Non-GAAP Financial Measures

This press release includes references to certain non-GAAP financial measures as described below. These non-GAAP measures do not have any standardized meanings prescribed by International Financial Reporting Standards (IFRS) and are therefore unlikely to be comparable to similar measures presented by other companies. Accordingly, they should not be considered in isolation. The terms and definitions of the non-GAAP measures used in this press release and a reconciliation of each non-GAAP measure to the most directly comparable IFRS measure are provided below.

Adjusted net earnings and adjusted diluted EPS

Adjusted net earnings are calculated as net earnings before restructuring and acquisition-related costs, net of related income tax recoveries. Adjusted diluted EPS is calculated as adjusted net earnings divided by the diluted weighted average number of common shares outstanding. The Company uses adjusted net earnings and adjusted diluted EPS to measure its performance from one period to the next, without the variation caused by the impacts of the items described above. The Company excludes these items because they affect the comparability of its financial results and could potentially distort the analysis of trends in its business performance. Excluding these items does not imply they are necessarily non-recurring.

Three months ended Six months ended
(in U.S.$ millions, except per share amounts) July 2, 2017 July 3, 2016 July 2, 2017 July 3, 2016
Net earnings 107.7 94.7 191.2 157.9
Adjustments for:
Restructuring and acquisition-related costs 2.8 2.7 9.4 9.5
Income tax recovery on restructuring and acquisition-related costs - (1.0 ) - (2.0 )
Adjusted net earnings 110.5 96.4 200.6 165.4
Basic EPS 0.48 0.40 0.84 0.66
Diluted EPS 0.48 0.40 0.84 0.66
Adjusted diluted EPS 0.49 0.41 0.88 0.69

Adjusted operating income and adjusted operating margin

Adjusted operating income is calculated as operating income before restructuring and acquisition-related costs. Adjusted operating margin is calculated as adjusted operating income divided by net sales. Management uses adjusted operating income and adjusted operating margin to measure its performance from one period to the next, without the variation caused by the impacts of the items described above. The Company excludes these items because they affect the comparability of its financial results and could potentially distort the analysis of trends in its business performance. Excluding these items does not imply they are necessarily non-recurring.
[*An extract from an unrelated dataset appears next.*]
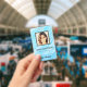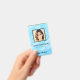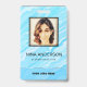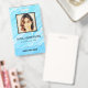 Modernes Foto Geschäft mit Foto auf blauem Hintergrund und Logo. Zusätzliche Informationen können auf der Rückseite dieses Business-ID-Abzeichens hinzugefügt werden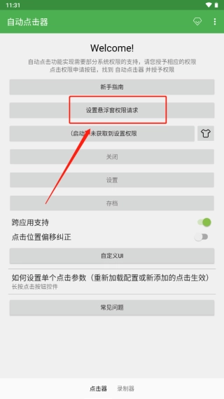 回到首页,点击“设置悬浮窗权限请求”来完成关键权限的配置。

Three months ended Six months ended
(in U.S.$ millions, or otherwise indicated) July 2, 2017 July 3, 2016 July 2, 2017 July 3, 2016
Operating income 121.1 102.7 214.1 173.0
Adjustment for:
Restructuring and acquisition-related costs 2.8 2.7 9.4 9.5
Adjusted operating income 123.9 105.4 223.5 182.5
Operating margin 16.9 % 14.9 % 15.5 % 13.5 %
Adjusted operating margin 17.3 % 15.3 % 16.2 % 14.2 %

Adjusted EBITDA

Adjusted EBITDA is calculated as earnings before financial expenses, income taxes, and depreciation and amortization, and excludes the impact of restructuring and acquisition-related costs. The Company uses adjusted EBITDA, among other measures, to assess the operating performance of its business. The Company also believes this measure is commonly used by investors and analysts to measure a company's ability to service debt and to meet other payment obligations, or as a common valuation measurement. The Company excludes depreciation and amortization expenses, which are non-cash in nature and can vary significantly depending upon accounting methods or non-operating factors such as historical cost. Excluding these items does not imply they are necessarily non-recurring.
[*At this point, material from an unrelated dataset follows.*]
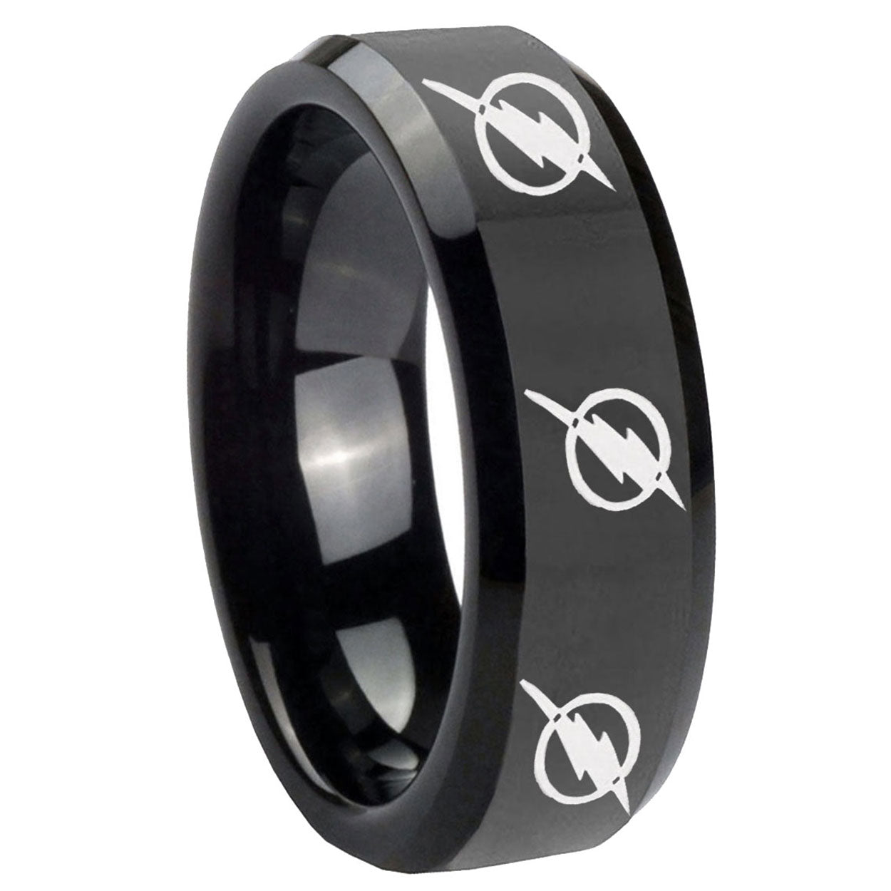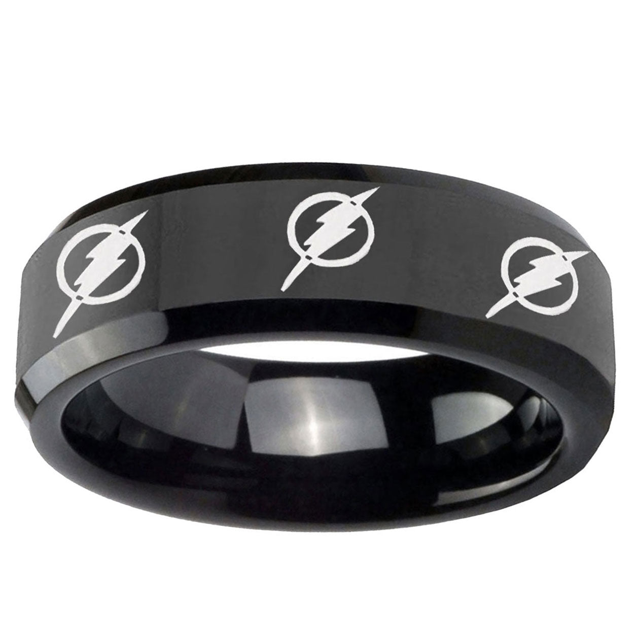 Intruding 5, 8mm Multiple Flash Beveled Edge Polish Black Wedding Tungsten Bands . Offer in both 5mm and 8mm band width polished black plated finished from size 4 to 14

Three months ended Six months ended
(in U.S.$ millions) July 2, 2017 July 3, 2016 July 2, 2017 July 3, 2016
Net earnings 107.7 94.7 191.2 157.9
Restructuring and acquisition-related costs 2.8 2.7 9.4 9.5
Depreciation and amortization 41.5 39.7 80.8 74.4
Financial expenses, net 7.6 3.0 12.3 7.9
Income tax expense 5.8 5.0 10.6 7.2
Adjusted EBITDA 165.4 145.1 304.3 256.9

Free cash flow

Free cash flow is defined as cash from operating activities, less cash flow used in investing activities excluding business acquisitions. The Company considers free cash flow to be an important indicator of the financial strength and performance of its business because it shows how much cash is available after capital expenditures to repay debt, to pursue business acquisitions, and/or to redistribute to its shareholders. The Company believes this measure is commonly used by investors and analysts when valuing a business and its underlying assets.
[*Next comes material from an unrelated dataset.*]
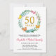 Este convite para o 50º aniversário de casamento apresenta uma delicada coroa floral verde feita de flores, plantas e borboletas selvagens. O convite pode ser facilmente personalizado com suas informações especiais de ouro. A parte de trás do convite mostra suas datas de aniversário em um texto branco elegante em um fundo de ouro. Os materiais de festa e artigos de papelaria correspondentes estão disponíveis na coleção "50º Aniversário de Casamento de Ouros e Fornecimentos".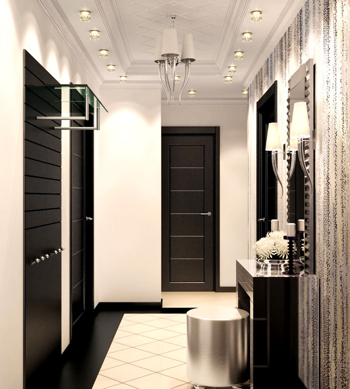עיצוב מעניין מאוד. תשומת הלב מופנית למנורה עם מבנה מקורי. הניגוד של כהה ואור הופך את המסדרון לצרוך וארוך ויזואלית.

Three months ended Six months ended
(in U.S.$ millions) July 2, 2017 July 3, 2016 July 2, 2017 July 3, 2016
Cash flows from operating activities 179.9 162.0 245.7 141.4
Cash flows used in investing activities (26.9 ) (141.3 ) (144.5 ) (179.2 )
Adjustment for:
Business acquisitions 9.1 109.5 102.1 109.5
Free cash flow 162.1 130.2 203.3 71.7

Total indebtedness and net indebtedness

Total indebtedness is defined as the total bank indebtedness and long-term debt (including any current portion), and net indebtedness is calculated as total indebtedness net of cash and cash equivalents. The Company considers total indebtedness and net indebtedness to be important indicators of the financial leverage of the Company.

(in U.S.$ millions) July 2, 2017 January 1, 2017
Long-term debt and total indebtedness 705.0 600.0
Cash and cash equivalents (46.8 ) (38.2 )
Net indebtedness 658.2 561.8

Net debt leverage ratio

The net debt leverage ratio is defined as the ratio of net indebtedness to pro-forma adjusted EBITDA for the trailing twelve months. The pro-forma adjusted EBITDA for the trailing twelve months reflects business acquisitions made during the period, as if they had occurred at the beginning of the trailing twelve month period. The Company has set a target net debt leverage ratio of one to two times pro-forma adjusted EBITDA for the trailing twelve months. The Company uses, and believes that certain investors and analysts use the net debt leverage ratio to measure the financial leverage of the Company.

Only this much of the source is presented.